The landscape-based kinetic model predicts an experimentally observed change in folding pathway that results from C-terminal stabilization. (A) Experimentally determined Φ values (black histogram bars) associated with each repeat in Nank1-7Δ 22 and (B) the consensus-stabilized construct reflect the extent to which repeats become structured in the rate-limiting steps in folding. The C-terminal shift of high Φ values in the consensus-stabilized construct indicates a change in folding pathway. Landscape-based Φ values (red histogram bars) match the distribution and relative magnitude of the experimentally determined Φ values, indicating that the different folding pathways are reproduced in the simulations. [Color figure can be viewed in the online issue, which is available at www.interscience.wiley.com.]

Discussion

In this study, we have used an experimentally determined folding free energy landscape to generate a kinetic model for folding of the Notch ankyrin domain. This model accurately predicts monophasic folding and biphasic unfolding (Figs. 3 and 6), curvature in the unfolding limb of the chevron plot (see Fig. 7), population of an on-pathway unfolding intermediate in which the central repeats remain structured, the relative folding rates of 19 variants (see Fig. 8), and a change in the folding pathway that results from C-terminal stabilization (see Fig. 9). Since the landscape-based predictions are determined from the distribution of equilibrium energies of folded repeats, this agreement suggests that the mechanism, pathway, and rate of folding of the Notch ankyrin domain are determined by the local stability of individual repeats. Thus, knowledge of the local stability distributions in proteins should be essential (and in some cases sufficient) for predicting such kinetic features.

Despite the overall agreement between experimental and landscape-predicted kinetics, there is one feature of the unfolding data that is not reproduced by the model. Specifically, ala→gly substitution in repeats 2, 5, and 7 eliminates the minor unfolding phase,22 an observation that is captured by the landscape model for substitution in repeat 7 but not in repeats 2 or 5 (Supporting Fig. 3). In addition, the magnitude of the model-based Φ values deviate from the experimentally determined values (see Fig. 9). Thus, improvements can be made to model, possibly by an experimental determination of the variation in interfacial free energy between each repeat in the Notch ankyrin domain.

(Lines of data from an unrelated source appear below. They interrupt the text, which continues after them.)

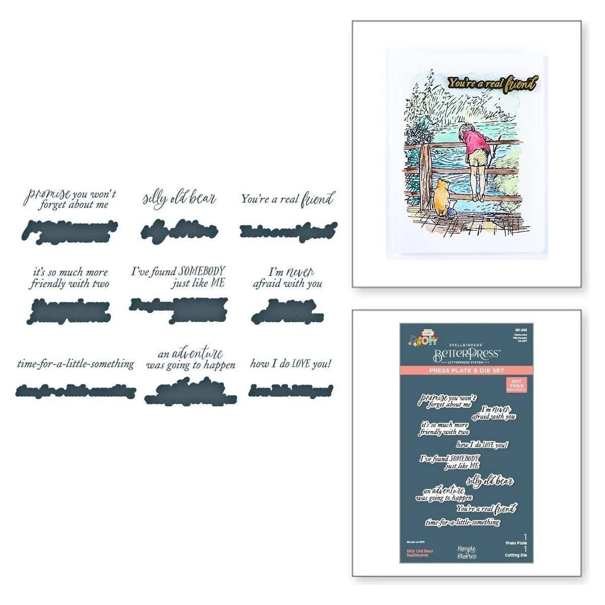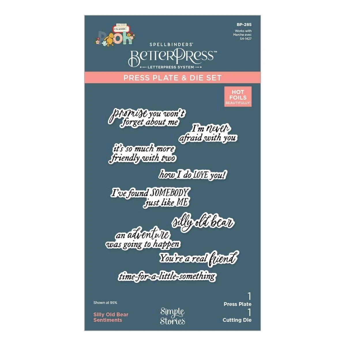 Silly Old Bear Sentiments Press Plate & Die Set is part of the Say Cheese Classic Pooh Collection. The one plate presses eight sweet Pooh phrases all at once and cut with its matching thin metal cutting die for a time-saving step. Used with BP-286 Friendly Moments Press Plates to set the mood in the two scenes. It also works well with the S4-1427 Memory Frames Etched Dies to anchor the ensemble. Ink the plates with the BetterPress Ink to be pressed against the BetterPress Cotton Card Panel and Sheets for a crisp letterpress design.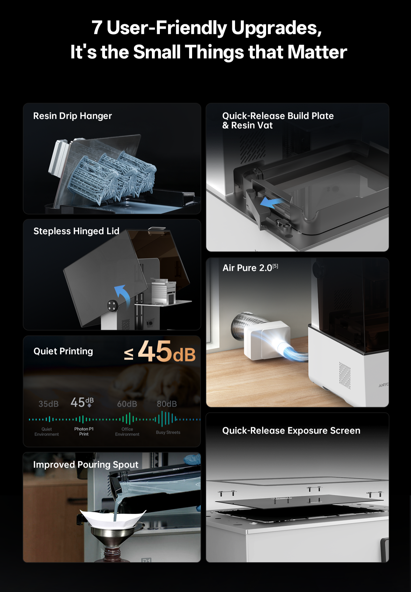 Silenziosa come un ufficio ≤ 45 dB durante tutta la stampa. La Photon P1 può lavorare accanto a te senza disturbare.
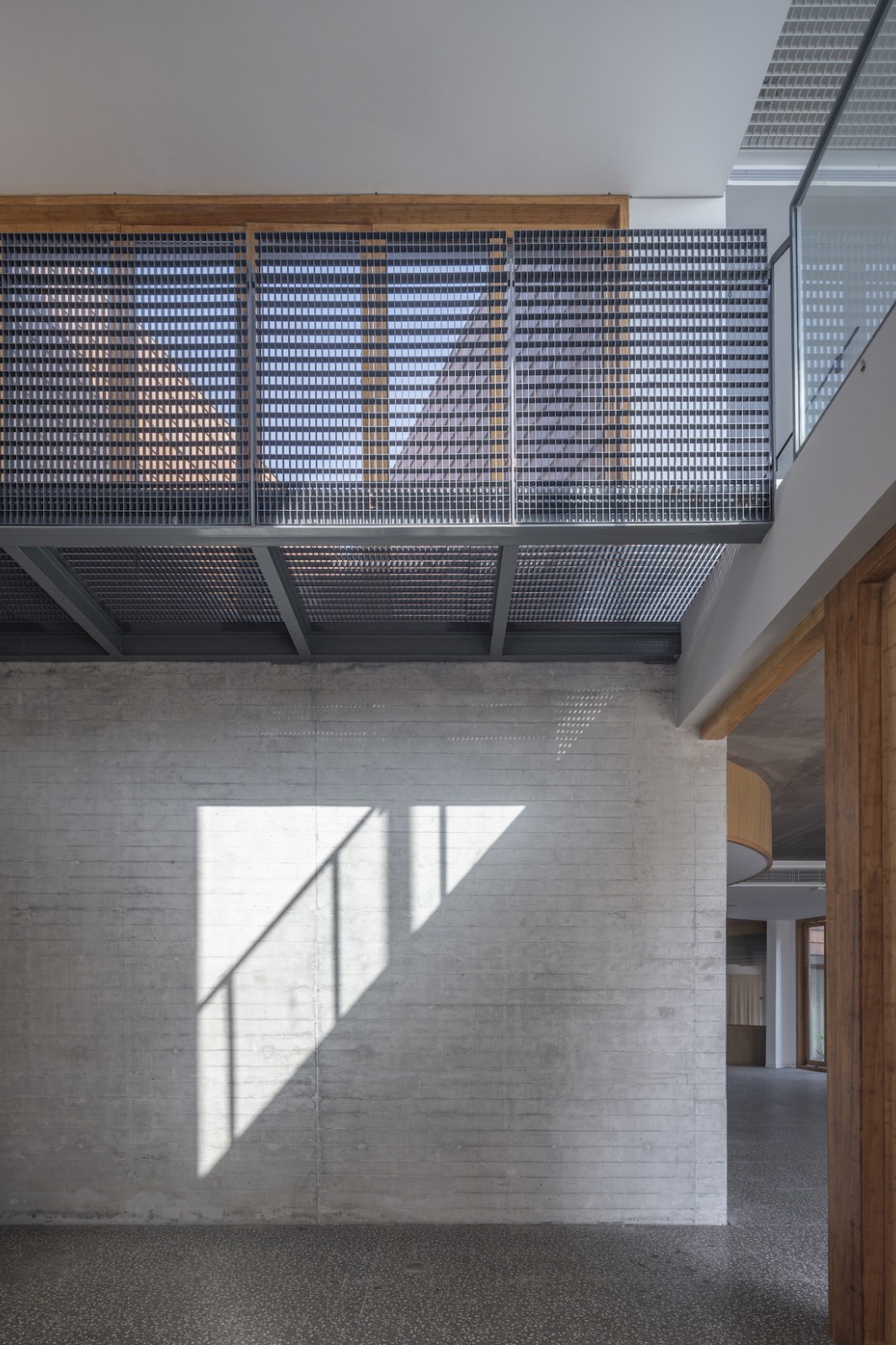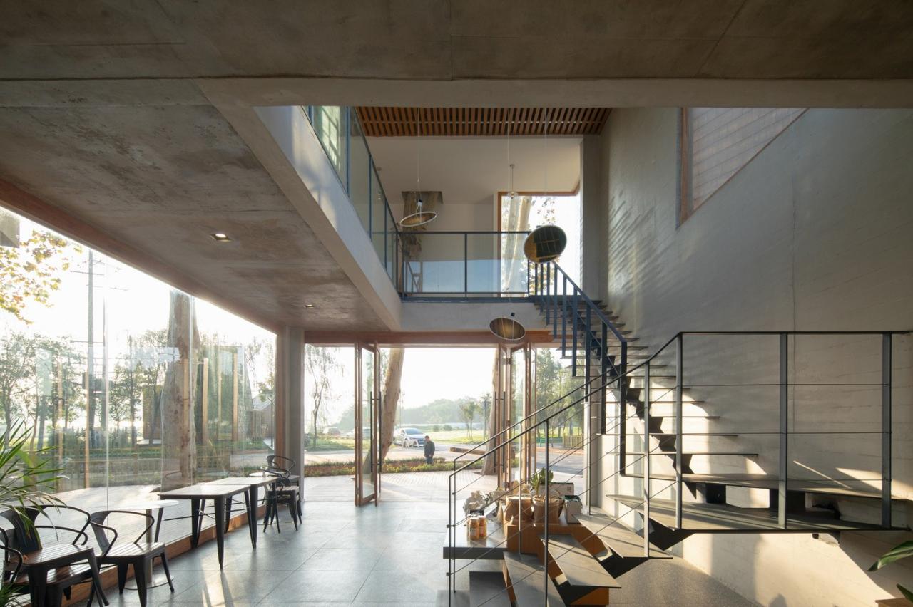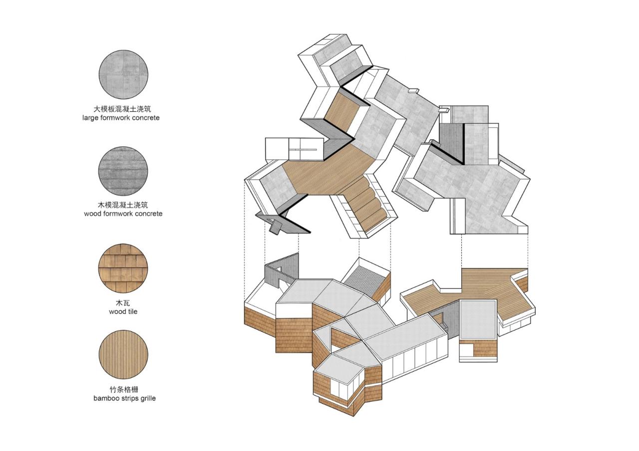 材料和氛围由于“混合社区”有面对不同人群的使用功能,所以各功能区域在材料语言和空间调性上也有所不同。展厅、咖啡厅、包括小书屋等对外的公共活动和文化功能部分在混凝土墙体的背景下大量使用了木瓦墙面和木工师傅现场制作的竹木门窗;改建部分的室外露台则采用密拼竹条作为遮阳和分隔;后院中新建的研学基地民宿则是一组带天井的白色小屋;这些地方性的材料给人们带来了温暖和熟悉的体验,同时其野生的气质也契合了项目所在的近郊乡村背景环境。我们在室内的楼梯、空中连桥和屋顶露台区域,则使用了钢板和钢格栅构件,希望能够通过这些金属材料的使用,搭配室内空间中大量裸露的混凝土墙体和楼板,营造一种又轻盈又朴素的空间特征。

The landscape-based kinetic model is similar to the diffusion collision model (DCM) of protein folding,37 which has been used with some success to predict the folding rates of small globular proteins.3841 In the DCM, both the stability of individual structural regions (microdomains) and the sequence distance between microdomains contribute to folding rate. Repeat proteins provide a simplification to the DCM because the interacting microdomains (treated here as individual repeats) are all separated by the same sequence distance along the polypeptide chain. Thus, the DCM for repeat proteins simplifies to a model in which the major determinant of folding rate is the local stability of individual repeats. Our results suggest that knowledge of the experimentally determined distribution of local stability in a globular protein, coupled with a DCM-like treatment of interacting segments, could be used to predict the detailed folding kinetics for nonrepeat proteins.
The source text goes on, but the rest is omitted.